Конечно, необходим отправной пункт: нужно уже обладать некоторым представлением об исследуемых объектах, чтобы начать историческое исследование. Но метафизика становления предполагает несколько иную историческую методологию, чем только что описанная. «Сущности» метафизики становятся в истории; это не заданные вещи. Следовательно, в каждом конкретном случае их необходимо выявлять, поскольку никто не может знать заранее, чем они окажутся. Но с чего мы должны начать их поиски?
Дело в том, что сущность ПРОТИВ АРИСТОТЕЛЯ – это структура, лишь слабо соединенная со своим окружением и сохраняющая целостность лишь в течение определенного промежутка времени. Например, иногда академическая физика принимает такой вид – и тогда имеет смысл писать самодостаточную или адекватно контекстуализированную историю физики, – а иногда другой. Наоборот – и это значительно более важно – когда сущности прочно сочетаются в новые структуры, то есть, изменяется набор базовых состояний, не имеет большого смысла придерживаться традиционных исторических категорий. Невозможно понять историю органической химии второй половины 19 века вне связи с историей производства синтетических красителей в тот же период времени и наоборот (Pickering A., 2005). Или, точнее, можно использовать традиционные понятия и контекстуализировать их, но за счет либо а) парадоксализации истории, при которой объект анализа, считавшийся показателем прогресса, в результате смещения гештальта оказывается лишь частью контекста; либо б) игнорирования таких крупных исторических дискретностей, как формирование новых структур18.

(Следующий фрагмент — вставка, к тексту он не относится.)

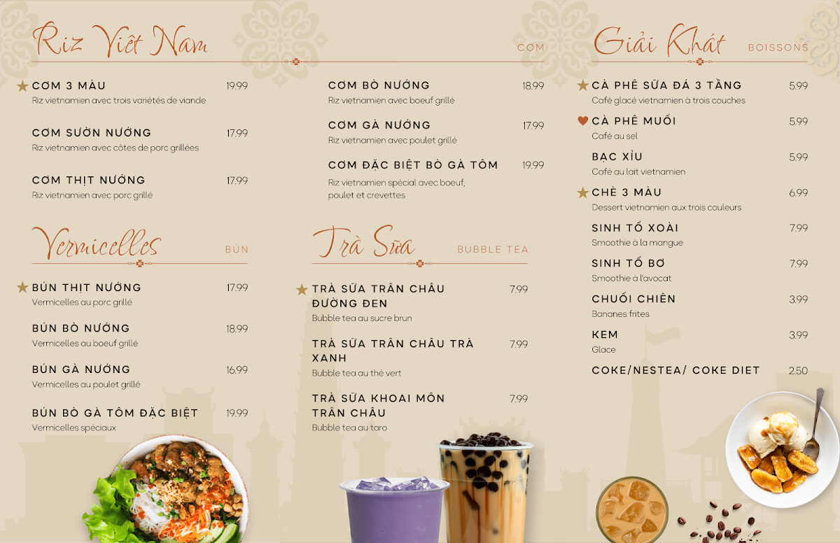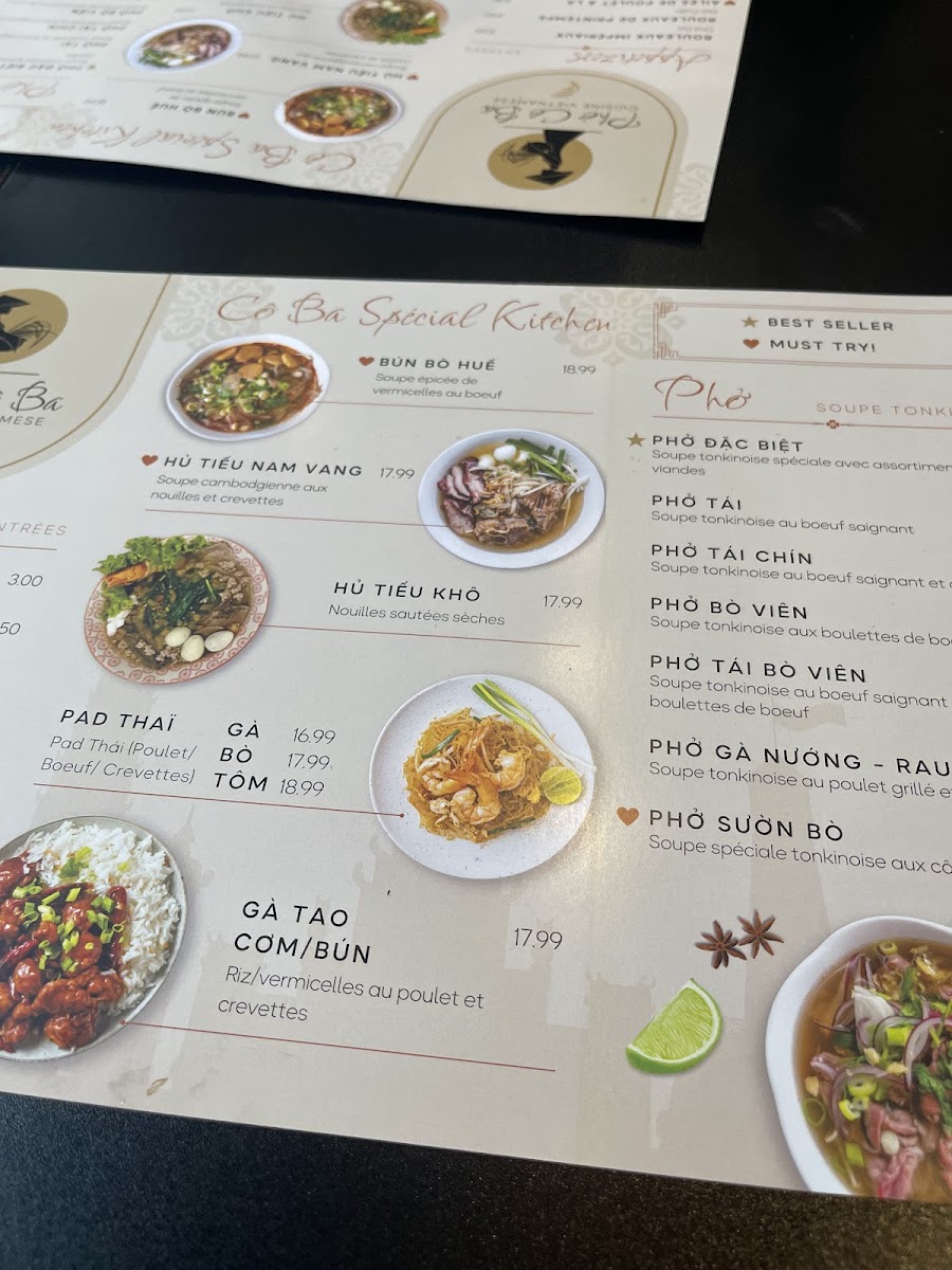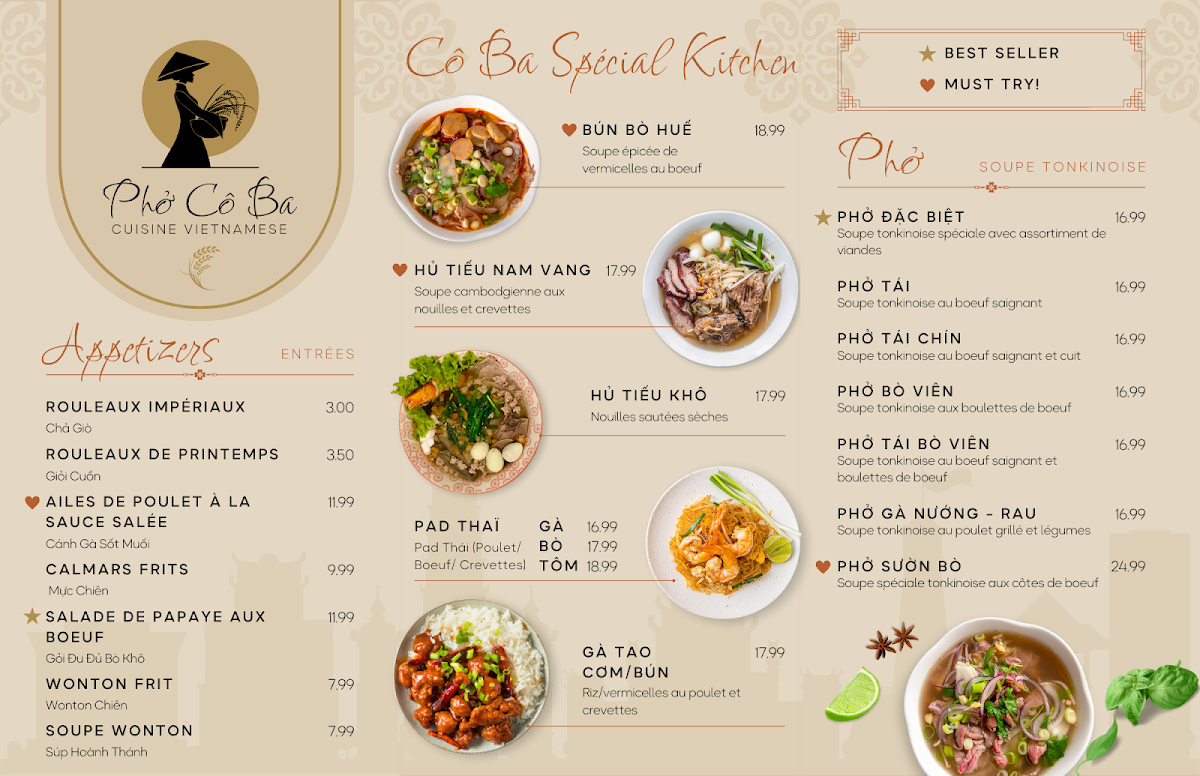 The menu is a culinary journey through Vietnam, presenting an array of signature dishes that cater to both classic and adventurous palates. Indulge in the Cô Ba Special Kitchen, featuring a delightful assortment like the Hủ Tiếu Khô with tender roast pork, calamari, shrimp, and wonton, all for just CA$19.99. For those who crave a kick of spice, the Bún Bò Huế, a hearty spicy vermicelli soup with beef, is sure to warm your soul. Or can’t decide? Try the exquisite Hủ Tiếu Nam Vang Soupe - a Cambodian-inspired noodle soup that rich in flavor, all at the same price.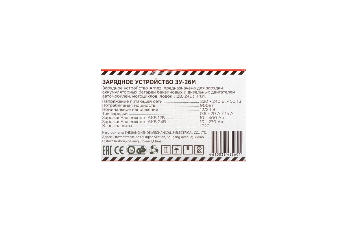Технические характеристики зарядного устройства Arnezi ЗУ-26М R7990107

Итак, метафизика становления имеет важные методологические и историографические последствия. Я не могу уточнить понятия сильной и слабой связи сущностей, потому что мне недостает простого и общего принципа структуры. Но я могу отметить следующее. На практике не представляет особого труда выяснить, что с чем прочно или слабо связано. Ничего сложного и непостижимого здесь нет. Связь, о которой я говорю, не скрывается под покровом явлений в ожидании искусного аналитика, способного ее обнаружить. Она больше напоминает видимые потоки денег, материалов, знаний, методов и специалистов, скреплявших органическую химию с индустрией синтетических красителей в 19 веке. Такие связи исторически очевидны. Их нужно лишь объяснить и обосновать, если мы хотим соблюсти чистоту традиционных историографических жанров19.
Философия. В данном случае я могу быть очень краток, поскольку имею в виду конкретную тему. В 20 веке философы в основном стремились понять фундаментальное родство наук как частных проявлений единой науки. Метафизика становления плохо согласуется с этим образом. Она много лучше подходит для новейших теорий «дискретности науки»20. Смысл этой концепции в том, чтобы рассматривать каждую науку как науку о бытии отдельного возникающего явления – например, термодинамик и парового двигателя и т.д. Трудности, конечно, возникают в точках пересечения – при взаимодействии наук, при переход наук от одного нового явления к другому и т.п. В 6 разделе я уже говорил о том, как можно размышлять о подобных процессах применительно к метафизики становления.
Эти заметки о философии науки и мире, который наука исследует, можно обобщить и тем самым вернуться одному из исходных положений. Смысл названия работы Делеза и Гваттари «Тысяча плато» в том, что каждый из множества (почти тысячи) специальных предметов, в ней затронутых, нуждается в особом философском подходе: общая прерывность философии соответствует общей прерывности мира.